Supreme Court Asked to Ban "Geofencing Warrants"
A civil liberties group is petitioning the Supreme Court to rule that "geofencing warrants" are unconstitutional. The practice, which forces tech companies to hand over data on all devices in a specific area, is argued to violate the Fourth Amendment by sweeping up data from thousands of innocent people.
The case before the Supreme Court, *Chatrie v. United States*, stems from a 2019 armed robbery of a credit union in Virginia. After traditional methods failed, police issued a geofence warrant to Google, which led them to Okello Chatrie. The warrant requested data for all devices within a 17.5-acre area around the bank during the time of the crime.
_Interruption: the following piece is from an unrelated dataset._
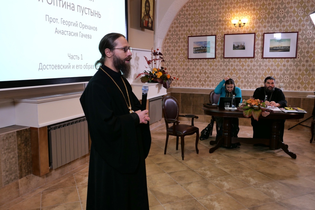 Второй раздел лекции, представленный протоиереем Георгием Орехановым, был посвящен собственно теме «Достоевский и Оптина пустынь». Продолжая мысль А.Г. Гачевой о мире, современном Достоевскому, мире, «в котором Христос не воскрес», отец Георгий привел еще несколько очень ярких свидетельств «разительного и глубокого атеизма», по словам В.В. Розанова, пережитого Россией в 1880-х годах, когда «казалось невозможным верить» и традиционные христианство и церковность полностью игнорировались. Например, обращение к Церкви Константина Леонтьева, будущего монаха Климента, а в то время дипломата и успешного литератора, вызвало в обществе серьезные сомнения в его психической полноценности. Да и сама по себе поездка в Оптину, о которой уже повсеместно шла слава, тем не менее в кругу Достоевского и Толстого тоже считалась чем-то из ряда вон выходящим.
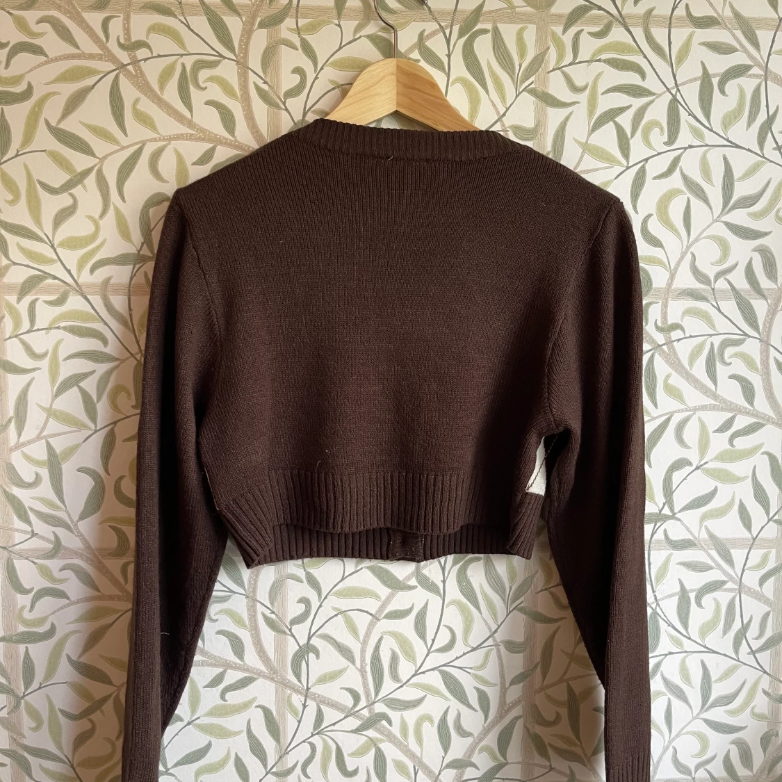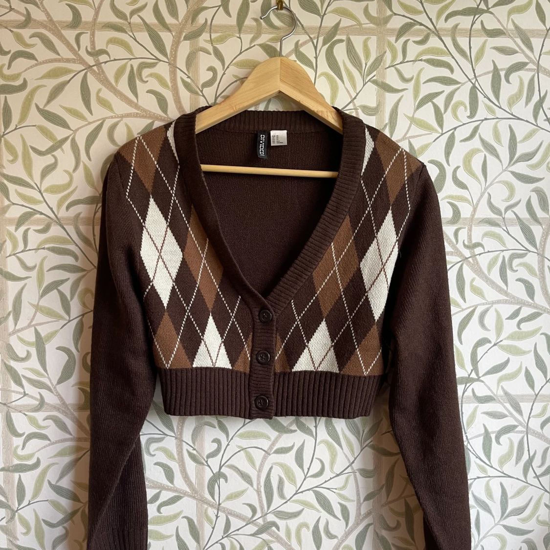 Snygg cropped, mönstrad, kofta från H&M som kan kombineras med det mesta. Koftan har bara använts en gång och är i topp skick samt inte stickig!!! Fint att ha till en outfit en krispig höstdag!

Initially, Google provided anonymized data for 19 devices that were near the robbery. Law enforcement then narrowed its focus and requested more detailed movement data and, ultimately, the personal identities of a few users, including Chatrie. This multi-step process, moving from a broad data dump to de-anonymization, is central to the debate over the warrants' constitutionality. The use of these warrants has grown exponentially. In 2018, Google received 982 such warrants; by 2020, that number had surged to 11,554. At their peak, these requests constituted over a quarter of all data demands Google received from U.S. law enforcement. Critics argue geofence warrants are the digital equivalent of unconstitutional "general warrants," which allow indiscriminate searches and were a key motivation for the Fourth Amendment. They contend that by searching everyone in a given area to find a suspect, the practice flips the probable cause requirement on its head—searching first and establishing suspicion later. Beyond bank robberies, geofence warrants have been used to identify individuals at protests, including those following the death of George Floyd and the January 6th Capitol riot, where data from over 5,000 devices was obtained. This has raised concerns about a chilling effect on First Amendment rights to assembly and association. The lower federal courts are currently split on the issue. The Fourth Circuit, in Chatrie's case, ultimately allowed the evidence, with judges offering fractured reasoning. In contrast, the Fifth Circuit has ruled that geofence warrants are categorically unconstitutional, creating the legal conflict that prompts Supreme Court review. In response to growing legal pressure, Google announced a significant policy shift in late 2023. The company is moving location history data from its centralized "Sensorvault" database to be stored locally on users' devices. This change, which includes end-to-end encryption, will make it technologically impossible for Google to comply with broad geofence requests in the future.